TASK BRIEF: Give again exactly the lines that run from the start of the records to the line holding "Imagen 5: Aspecto", both ends counted. Do not include the pictures.

****************************************

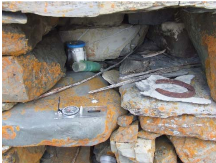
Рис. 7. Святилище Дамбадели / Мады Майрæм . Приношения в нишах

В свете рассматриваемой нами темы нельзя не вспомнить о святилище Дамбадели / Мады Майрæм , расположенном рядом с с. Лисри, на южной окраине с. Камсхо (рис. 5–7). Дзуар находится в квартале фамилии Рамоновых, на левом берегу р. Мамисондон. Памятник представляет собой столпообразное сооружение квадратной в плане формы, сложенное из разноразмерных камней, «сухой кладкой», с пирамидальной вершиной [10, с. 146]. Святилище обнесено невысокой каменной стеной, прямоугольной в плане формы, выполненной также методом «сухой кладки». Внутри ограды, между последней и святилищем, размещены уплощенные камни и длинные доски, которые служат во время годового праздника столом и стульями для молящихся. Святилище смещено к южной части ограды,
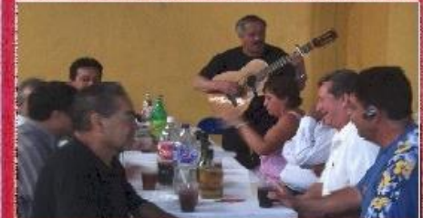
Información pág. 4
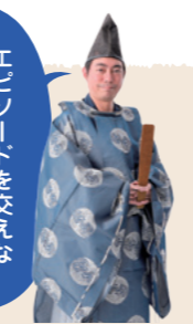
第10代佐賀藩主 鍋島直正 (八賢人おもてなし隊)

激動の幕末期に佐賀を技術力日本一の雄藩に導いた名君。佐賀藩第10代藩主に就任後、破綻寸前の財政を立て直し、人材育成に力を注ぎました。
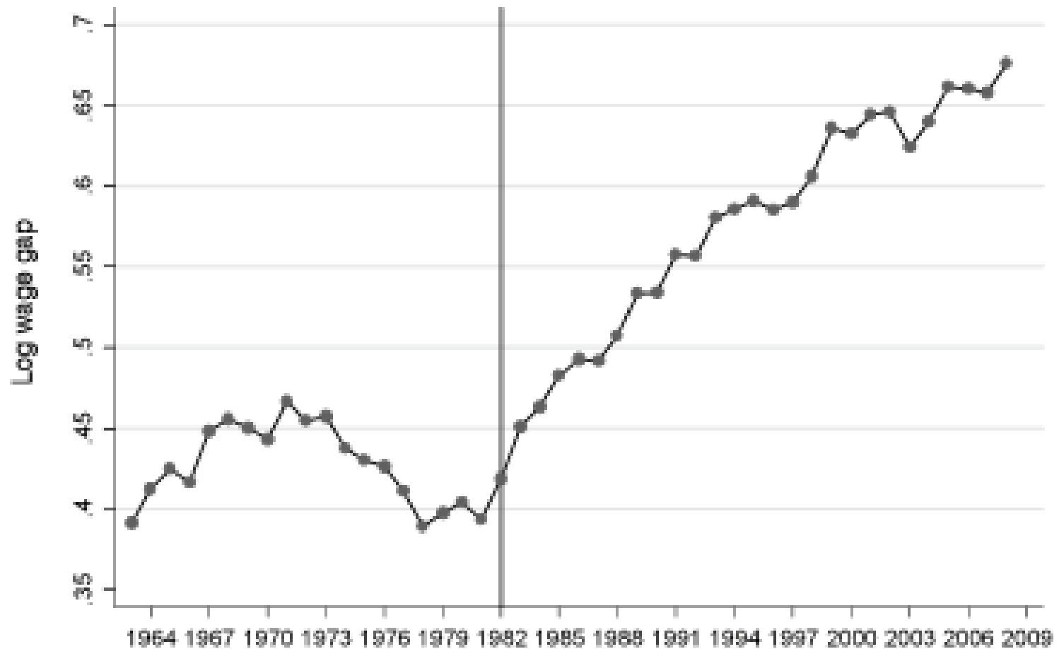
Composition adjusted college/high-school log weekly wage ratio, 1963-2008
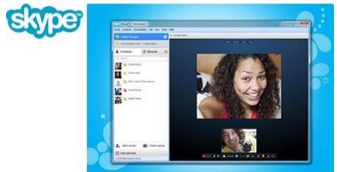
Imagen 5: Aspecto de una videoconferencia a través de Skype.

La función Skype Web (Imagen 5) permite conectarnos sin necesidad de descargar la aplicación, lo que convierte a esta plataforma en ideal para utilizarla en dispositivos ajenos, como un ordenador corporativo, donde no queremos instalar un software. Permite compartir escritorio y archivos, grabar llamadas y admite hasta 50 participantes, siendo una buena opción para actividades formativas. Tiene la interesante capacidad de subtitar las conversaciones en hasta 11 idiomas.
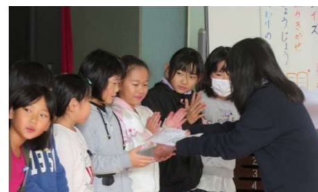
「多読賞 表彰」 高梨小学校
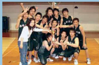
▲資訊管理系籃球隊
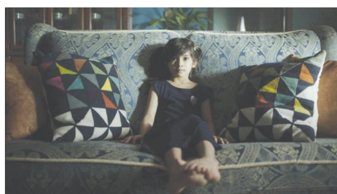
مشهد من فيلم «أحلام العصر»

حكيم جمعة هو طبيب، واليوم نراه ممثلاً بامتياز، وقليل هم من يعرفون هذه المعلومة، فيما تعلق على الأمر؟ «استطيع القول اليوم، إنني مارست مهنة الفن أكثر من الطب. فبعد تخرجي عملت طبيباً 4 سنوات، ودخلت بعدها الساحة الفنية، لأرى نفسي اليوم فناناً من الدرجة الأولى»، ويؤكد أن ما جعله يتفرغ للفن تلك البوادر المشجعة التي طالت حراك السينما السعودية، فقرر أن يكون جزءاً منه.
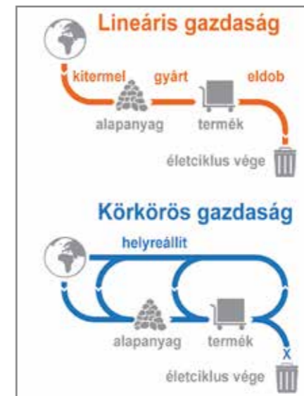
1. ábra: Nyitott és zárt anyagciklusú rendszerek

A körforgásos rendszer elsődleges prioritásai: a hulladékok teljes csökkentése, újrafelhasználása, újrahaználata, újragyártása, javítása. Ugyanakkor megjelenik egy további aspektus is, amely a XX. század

****************************************

YOUR RESPONSE:
Рис. 7. Святилище Дамбадели / Мады Майрæм . Приношения в нишах

В свете рассматриваемой нами темы нельзя не вспомнить о святилище Дамбадели / Мады Майрæм , расположенном рядом с с. Лисри, на южной окраине с. Камсхо (рис. 5–7). Дзуар находится в квартале фамилии Рамоновых, на левом берегу р. Мамисондон. Памятник представляет собой столпообразное сооружение квадратной в плане формы, сложенное из разноразмерных камней, «сухой кладкой», с пирамидальной вершиной [10, с. 146]. Святилище обнесено невысокой каменной стеной, прямоугольной в плане формы, выполненной также методом «сухой кладки». Внутри ограды, между последней и святилищем, размещены уплощенные камни и длинные доски, которые служат во время годового праздника столом и стульями для молящихся. Святилище смещено к южной части ограды,
Información pág. 4
第10代佐賀藩主 鍋島直正 (八賢人おもてなし隊)

激動の幕末期に佐賀を技術力日本一の雄藩に導いた名君。佐賀藩第10代藩主に就任後、破綻寸前の財政を立て直し、人材育成に力を注ぎました。
Composition adjusted college/high-school log weekly wage ratio, 1963-2008
Imagen 5: Aspecto de una videoconferencia a través de Skype.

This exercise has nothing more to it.